Client: Greater London Authority
The second phase of the Mayor of London’s Mentoring Programme (MMP) launched in October 2012, offering grant funding to enable local delivery partners (LDPs) to provide volunteer mentors to 1000 disadvantaged young black boys across 7 London boroughs who have been identified as underachieving and being at risk of possible exclusion. As the grant programme manager, Rocket Science helped the Greater London Authority (GLA) to promote the Mayor’s Mentoring Fund, assess applications, select and monitor 10 delivery organisations. The LDPs were funded to recruit, vet and train mentors, match them with a mentee, and then support each mentoring relationship for a period of up to 12 months. A range of different types of delivery partner was intentionally selected to run the programme – some school-based, others centred on youth centres.

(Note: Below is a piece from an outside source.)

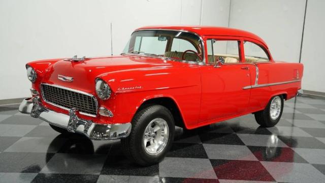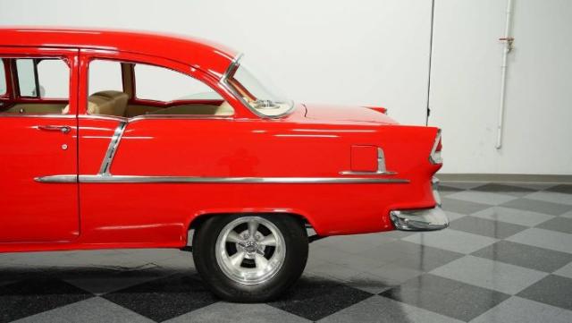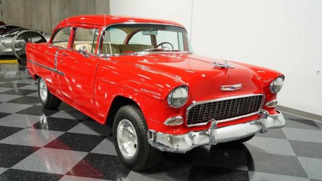 1955 CHEVY 210 350 CUBIC INCH SMALL BLOCK V8, High quality restoration, POWER STEER/FRONT DISC Stunning 1955 Chevy 210. Has had a comprehensive, every nut and bolt, frame-off rotisserie restoration. All the custom and upgraded parts were carefully selected to represent the era. This Chevy has been used sparingly and has been garage stored. This car has been a favorite at many car shows. The leaf springs, front end, steering box have all been replaced and drilled and slotted front rotors have been added. Interior completed by Ciadella interiors in a fawn-colored leather that features front and rear seatbelts, a stock dash, 15\' retro style steering wheel, AM/FM cassette with 6x9 speakers in the rear. New window regulators, wiper motor, glass and rubber weather stripping. Full rotisserie, frame-off restoration Rebuilt 350 engine TH400 automatic transmission Restored vintage pre 1970 American Racing wheels Air conditioning, heat and defrost Power steering Power front disc brakes Ciadella fawn colored leather interior Highly detailed, every nut and bolt, including undercarriage Seat belts Cassette player, AM FM radio Coil spring with shocks in front Leaf springs with air shocks in rear The engine in this classic \'55 Chevy 210 is a 350 V8, rebuilt in 2023 with a mild cam, 202 valves, 10.1 pistons, roller rocker arms, topped with airgap aluminum intake manifold with Edelbrock carburetor. Additionally, this car has an aluminum radiator, MSD ignition system, new American Autowire harness, power front disc brakes, power steering and a cold air conditioning system. Power is transferred to the rear wheel by a TH400 automatic transmission. The finishing touch is a set of hard-to-find vintage, pre-1970 American Racing Torque Thrust wheels with correct for the era two-prong twisted spinner center caps. This is truly a special \'55 Chevrolet restored with much attention to detail and quality. So much so, that it has been displayed with mirrors underneath

Using sport to support mentoring
Two of the projects exploited their capacity to use sport as a hook to engage disaffected young boys, and of the close link between mentoring and coaching in the development of young people.
Tottenham Hotspur Foundation brought a strong focus on football, but also other team-based sports, which it uses to reach out to young people across North London. Connie Henry’s Track Academy, set up and run by the former GB Athlete, uses the disciplines of track-and-field athletics as the way of engaging and working with disadvantaged young people in Brent. Early evaluations of the MMP suggest that these sports-based elements of these two projects were an important feature of engaging young black boys and brokering mentoring relationships with appropriate volunteer role-models, and helping to sustain the mentoring relationships for up to a year.